INFP Democratic Socialist


----------



## Ninjaws (Jul 10, 2014)

I don't vote because I'm too lazy to leave the house.


----------



## Cesspool (Aug 8, 2014)

I'm a cesspool supporter.

Give me all the power is my ideology.


----------



## Fascist (Dec 22, 2014)




----------



## Exquisitor (Sep 15, 2015)

NomadLeviathan said:


> I vote conservative, but I don't know. I'm torn between that which seems realistic and concern for the poor.


Unrealistic concern for the poor can create more problems for the poor and everyone else, though.

There are many arguments to be made for lowering taxes and regulation and working on social problems directly, rather than through unwieldy and expensively inefficient government programs. Especially when programs for supposed public benefit are designed to support some specific corporations/demographics that support or therefore would support the party in question, exclusively and minimally, without understanding or addressing the real roots of the problem.

There are problems with both political parties, but it's a simplistic misconception that you should just vote for the democrats if you have a heart.

I'd argue that it's better to be realistic, as a starting point.


----------



## bender477 (Aug 23, 2010)

I've been telling someone on this forum that there is a correlation between type and politics, but I don't think he believed me....

not at all surprised that ntps, nfjs, nfps are all liberals.


----------



## Carpentet810 (Nov 17, 2013)

ENTP: Dictatorship.


----------



## NomadLeviathan (Jun 21, 2015)

bender477 said:


> I've been telling someone on this forum that there is a correlation between type and politics, but I don't think he believed me....
> 
> not at all surprised that ntps, nfjs, nfps are all liberals.


But they aren't, with me being the first example. I've also seen several NFJs that were anything but (except for on some social issues).


----------



## bender477 (Aug 23, 2010)

NomadLeviathan said:


> But they aren't, with me being the first example. I've also seen several NFJs that were anything but (except for on some social issues).


hello, did you look at the poll results?

edit: sorry, my language was imprecise, there is def a huge correlation tho.


----------



## NomadLeviathan (Jun 21, 2015)

bender477 said:


> hello, did you look at the poll results?
> 
> sorry, my language was imprecise, there is def a huge correlation tho.


I did, and I see _3.03% - NFJ Republican_


----------



## Fascist (Dec 22, 2014)

bender477 said:


> hello, did you look at the poll results?
> 
> edit: sorry, my language was imprecise, there is def a huge correlation tho.


i think it has less to do with MBTI and more to do with being politically weak and left leaning is the majority openly held opinion in general these days.

it's the "safer" way to think if you want to fit in.


----------



## bender477 (Aug 23, 2010)

Fascist said:


> left leaning is the majority openly held opinion in general these days.


liberalism has the perk of actually being aligned with reality.


----------



## Fascist (Dec 22, 2014)

bender477 said:


> liberalism has the perk of actually being aligned with reality.


show me equality in nature and i'd agree.


----------



## Exquisitor (Sep 15, 2015)

bender477 said:


> hello, did you look at the poll results?
> 
> edit: sorry, my language was imprecise, there is def a huge correlation tho.


Definitely a correlation.

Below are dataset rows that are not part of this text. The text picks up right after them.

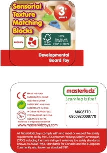V kompletu so 4 pari lesenih blokov z jasno različnimi površinami in štirimi osnovnimi barvami – rdečo, modro, rumeno in zeleno. Igra je idealna za skupno raziskovanje z odraslim: opisovanje površin, iskanje ujemanj in razvrščanje po merilih bogatijo besedni zaklad in senzorično integracijo.
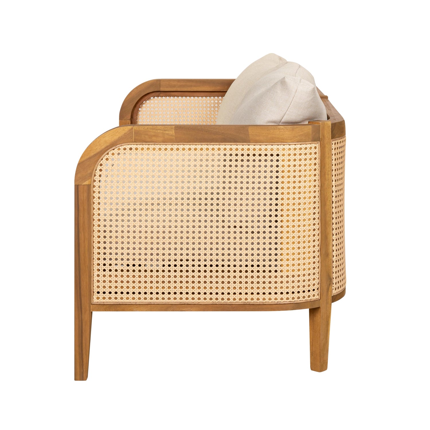 Details: Bring boho charm to your outdoor space with this patio loveseat featuring a slightly curved backrest and natural wood finish. Crafted from durable acacia wood, the frame is accented with hand-wrapped faux rattan detailing on the back and armrests. Designed for comfort and style, it includes plush, removable seat and back cushions. Perfect for patios, porches, or garden seating areas.
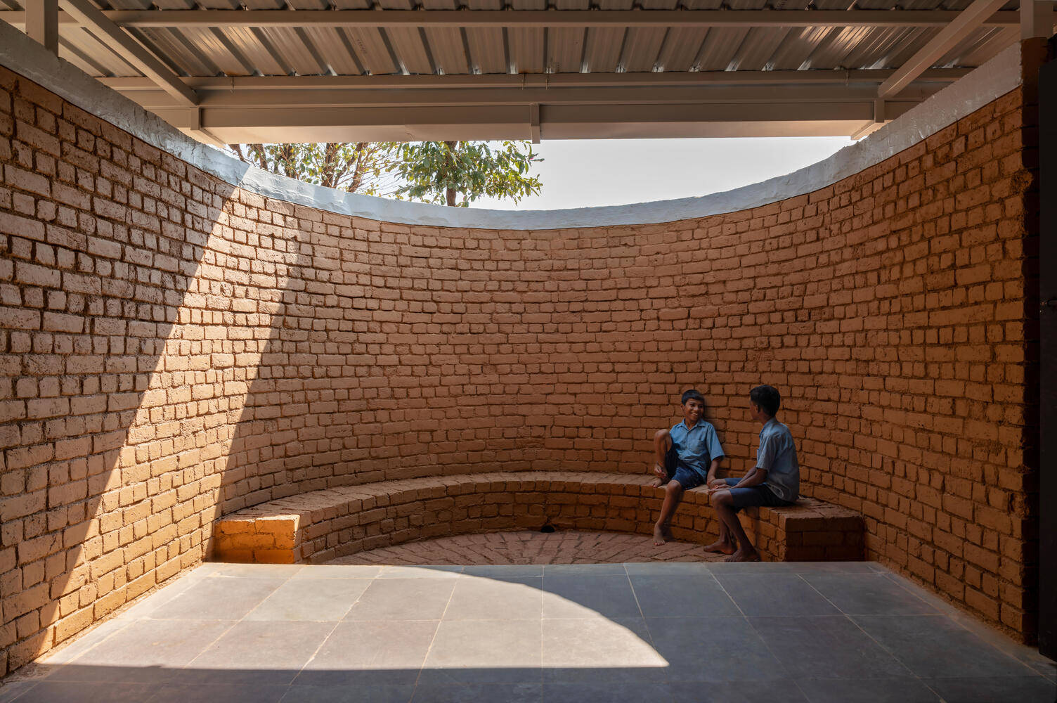 可持续性和实用性:项目在材料选择和建造方式上体现了对可持续性和实用性的高度关注。承重砖墙体系的使用,既方便了施工,又降低了成本。轻薄的平屋顶设计,不仅改善了通风条件,还提供了绘画的载体,增加了建筑的趣味性。高起台基表面涂覆牛粪,体现了对当地材料的利用和对传统工艺的尊重,同时也为孩子们提供了舒适的坐卧体验。整体而言,该项目在设计中融入了环境友好理念,并充分考虑了当地的实际情况和资源限制,展现了卓越的设计智慧和对社区负责的态度。这种设计也体现了对当地社区的尊重和对教育事业的支持。
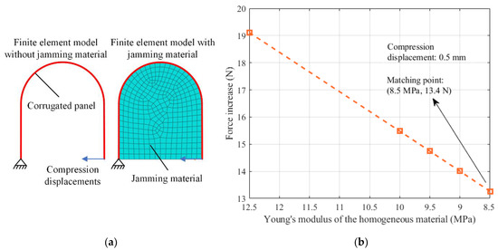 The Young’s modulus of the homogeneous material can be found inversely by matching the force increase observed in the numerical results to that observed in the experimental results. In the case study, the compression displacement is 0.5 mm, and the modulus of the jamming material in the finite element model is varied linearly until the force increase in the finite element analysis can match that in the compression tests. By trial and error, the equivalent Young’s modulus of the jamming material is finally taken as 8.5 MPa in the current study, as shown in Figure 9b.

You could argue that a less informed F-type is more likely to err on the side of what seems compassionate, and go leftist, while a similarly uninformed T-type, being less swayed by the feelings they associate with the surface appearance, would be distributed a little more evenly based on other factors.

This would be a broad and tentative generalisation, based on the assumption that there are usually more uninformed people, politically, than there are informed people (that is, people who engage in-depth with a broad scope of political philosophy). It seems like a good explanation of this trend, which I have definitely noticed, and also explains why the only right-wing NFs I personally know started out as leftists and only turned to right-wing ideas after some extensive personal reflection.


----------



## bender477 (Aug 23, 2010)

Fascist said:


> show me equality in nature and i'd agree.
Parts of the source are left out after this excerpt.